**What is being asked**:
The task calls for an exact retyping of the lines from the one holding "Titel: Bilden visar" through the end of the listing, with pictures omitted and nothing added.

Top of Supplied material

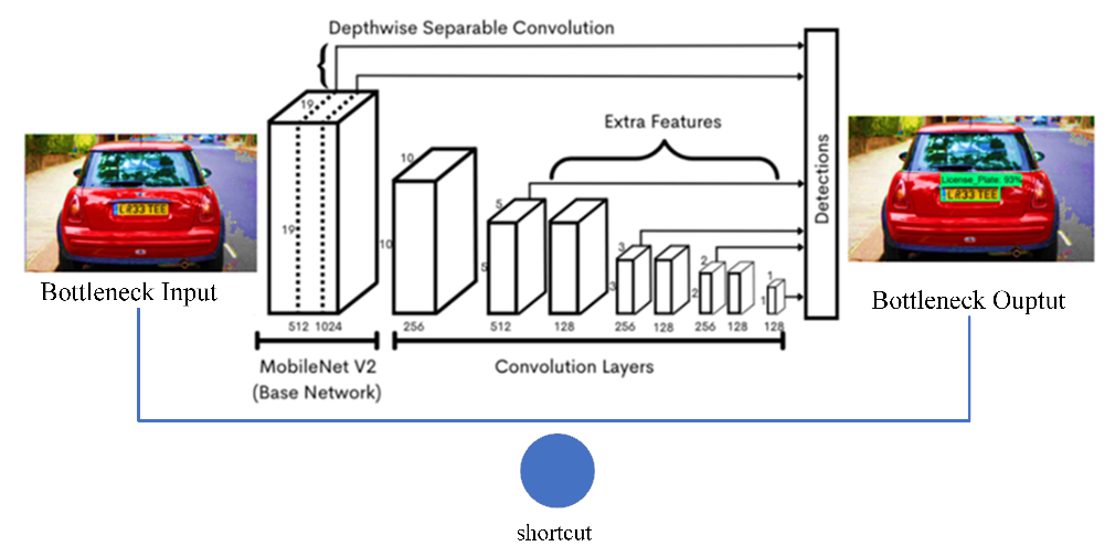 Based on Figure 4, MobileNetV2 does depthwise and pointwise convolution. Moreover, MobileNetV2 introduces two new features, consist of: linear bottleneck and shortcut connections. Depthwise convolution uses a single convolutional filter for each input channel, whereas pointwise convolution creates a linear combination of the depthwise convolution outputs. The bottleneck part contains inputs and outputs from the model, whilst the inner layer or layers encapsulate the model's capacity to convert information from lower level concepts (pixels) to higher level descriptors (picture categories). Tensorflow combines MobileNetV2's with the SSD framework to enable real-time detection. The procedure begins with the model processing the full image, extracting information at various scales. SSD MobileNetV2 then localizes and classifies items, including license plates, while anticipating bounding boxes and class labels. Post-processing techniques refine predictions by deleting duplicates and false positives. The final result includes accurate bounding boxes around recognized items, as well as their labels and confidence scores. This streamlined approach offers rapid and dependable license plate detection in a variety of applications.
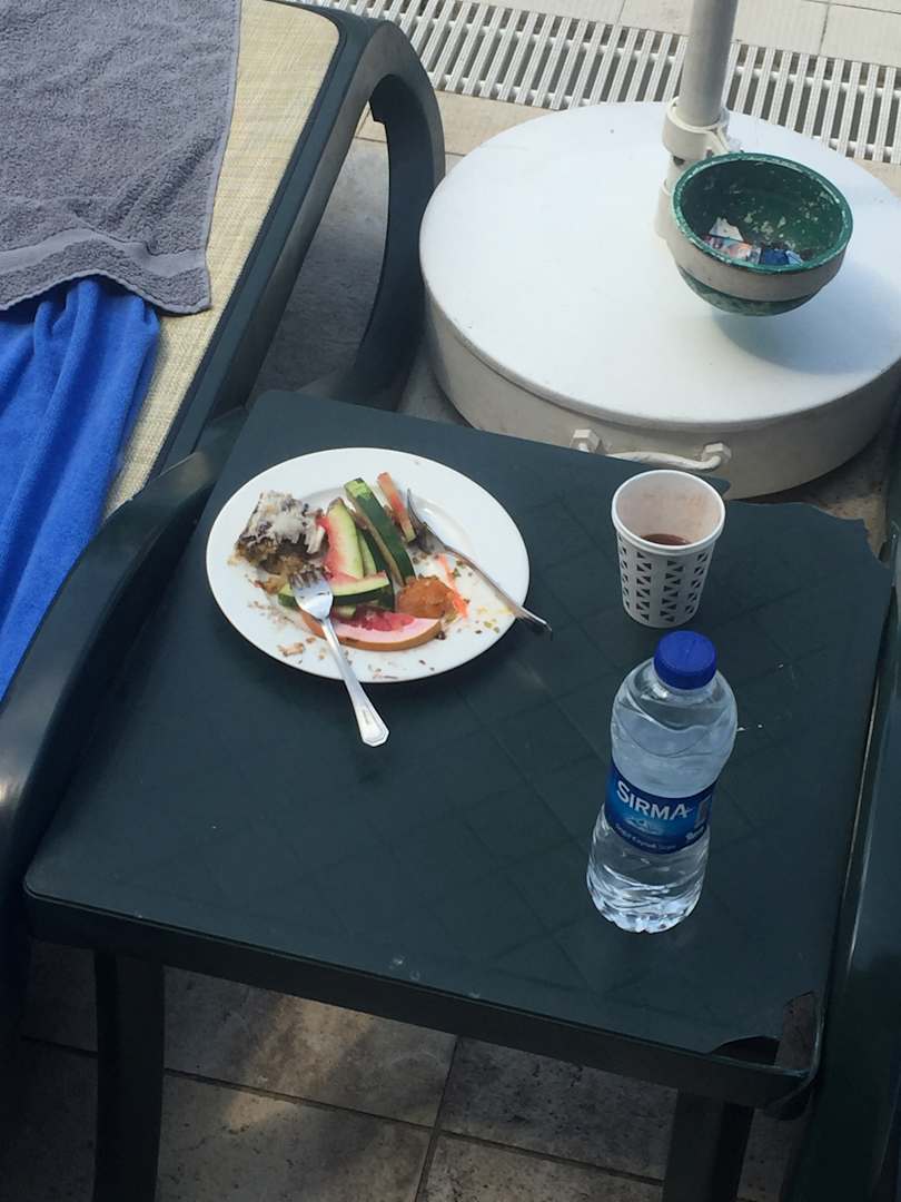 Reste vom Vortag am Pool die fast 23 Stunden unangetastet stehen blieben
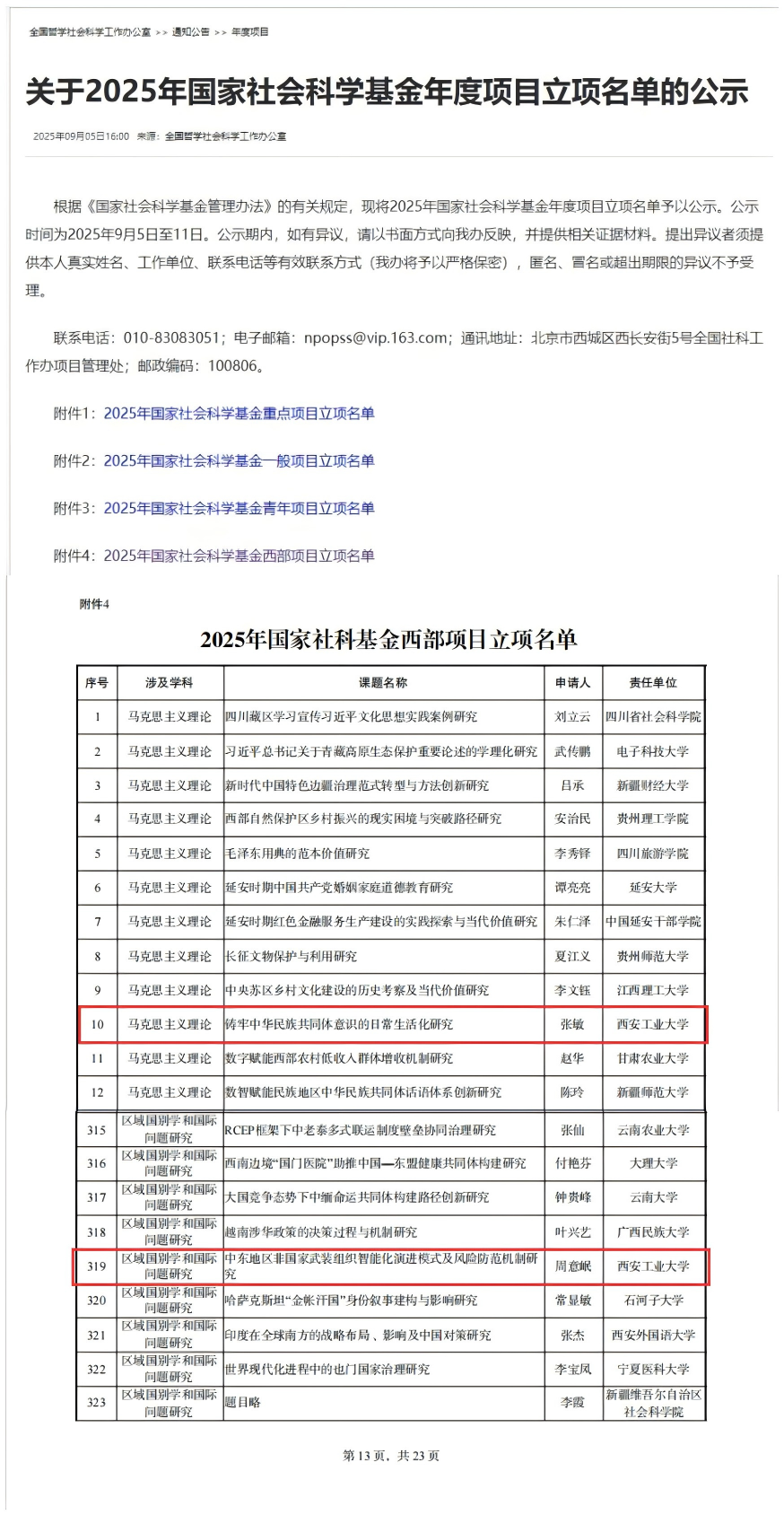 近日,全国哲学社会科学工作办公室发布《关于2025年国家社会科学基金年度项目立项名单的公示》,中文字幕av张敏教授、周意岷副教授喜获国家社会科学基金西部项目立项,并面向全社会公示。
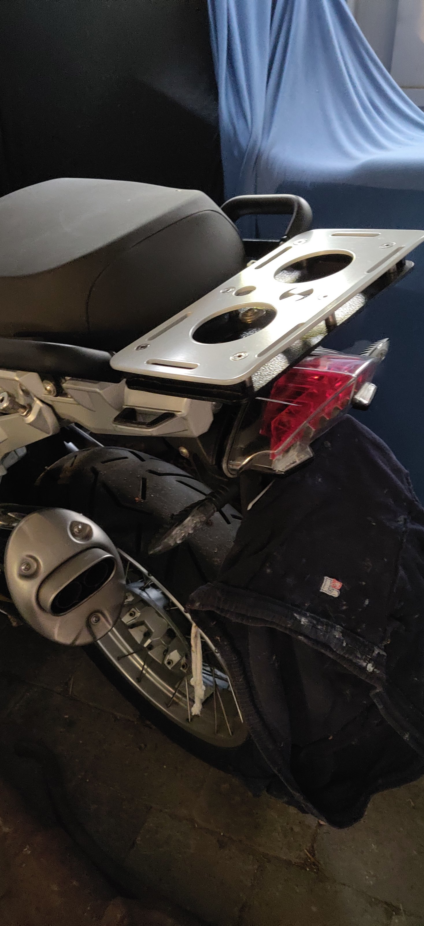 ; Da ich natürlich noch keine Anhaltswerte habe, möchte ich das nicht verteufeln - ich frage mich aber schon, ob man da eine große fette Gepäckrolle sicher verstauen & anbringen kann?!Bei meiner 11,5er ist die Gepäckbrücke aus Alu - große Auflage aus Aluplatte dazu - kann man auch mal ordentlich zurren, ohne das was kaputt geht: (Ergänzung: Stahhlrohrträger mit GIVI Monokey - Koffer je 35 .. 40 Liter - nicht der letzte Schrei aber funktional!)
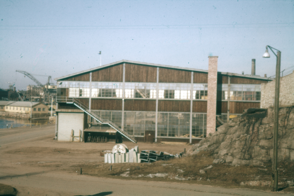 Titel: Bilden visar byggnaden nr 140 (Plåtslagerihallen) på örlogsvarvet i Karlskrona sett från Kansligatan.
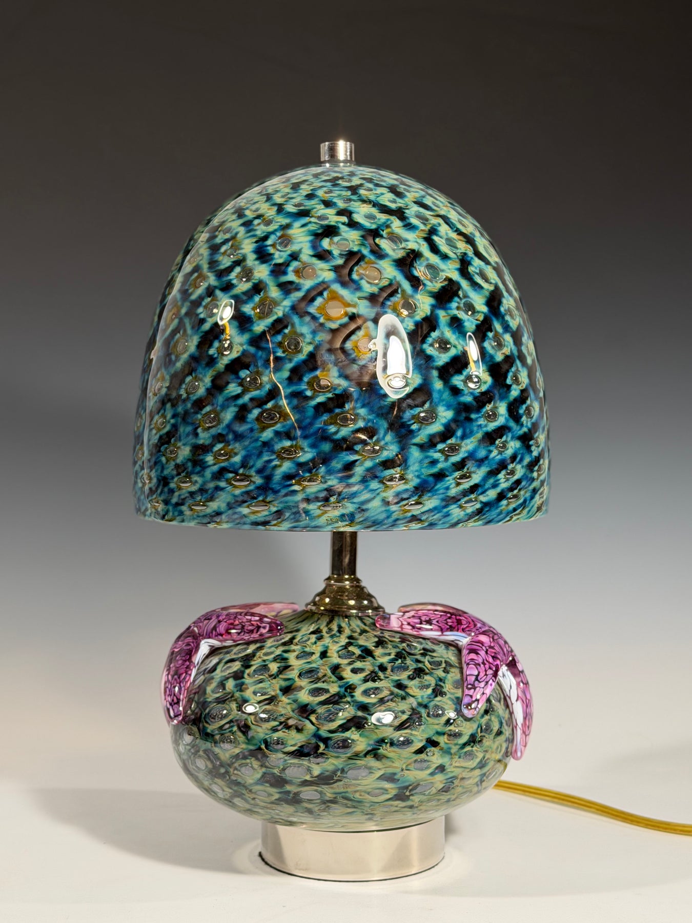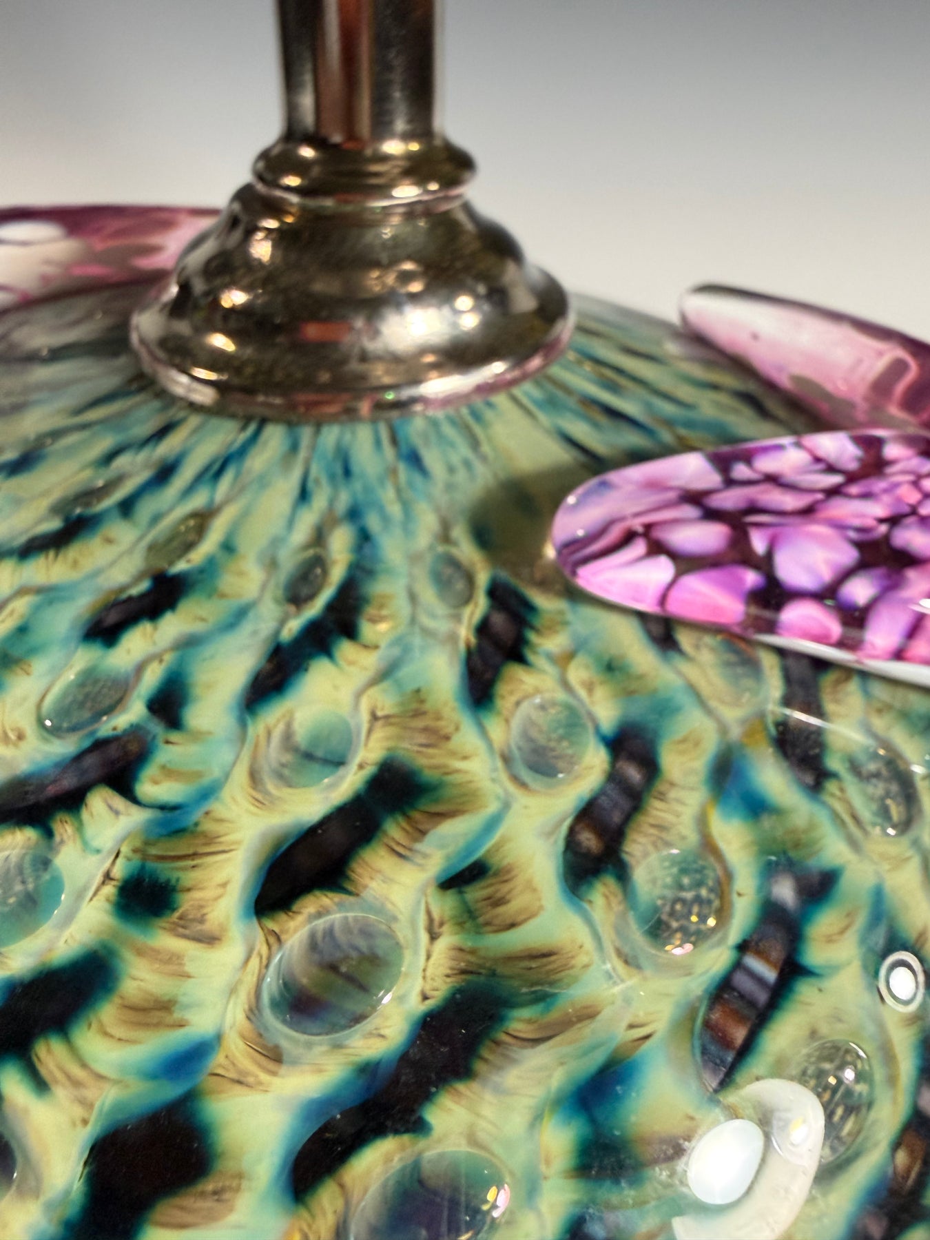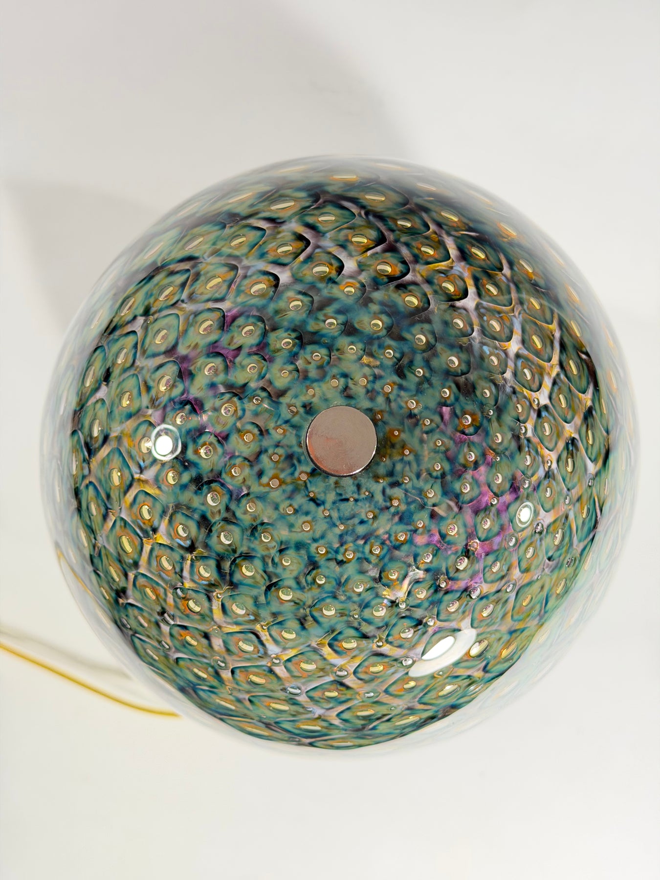 These hand-blown glass light pendants were created by rolling the clear molten glass through several colors of powdered glass. It is then blown into a bronze mold called a pineapple mold to give it the pattern of bubbles trapped in the glass. After it comes out of the mold another layer of molten clear glass is put on top of the bubble, and it is blown and shaped by hand with wet newspaper to become a perfectly shaped shade.

Bottom of Supplied material

**Solution to this problem**:
 Titel: Bilden visar byggnaden nr 140 (Plåtslagerihallen) på örlogsvarvet i Karlskrona sett från Kansligatan.
 These hand-blown glass light pendants were created by rolling the clear molten glass through several colors of powdered glass. It is then blown into a bronze mold called a pineapple mold to give it the pattern of bubbles trapped in the glass. After it comes out of the mold another layer of molten clear glass is put on top of the bubble, and it is blown and shaped by hand with wet newspaper to become a perfectly shaped shade.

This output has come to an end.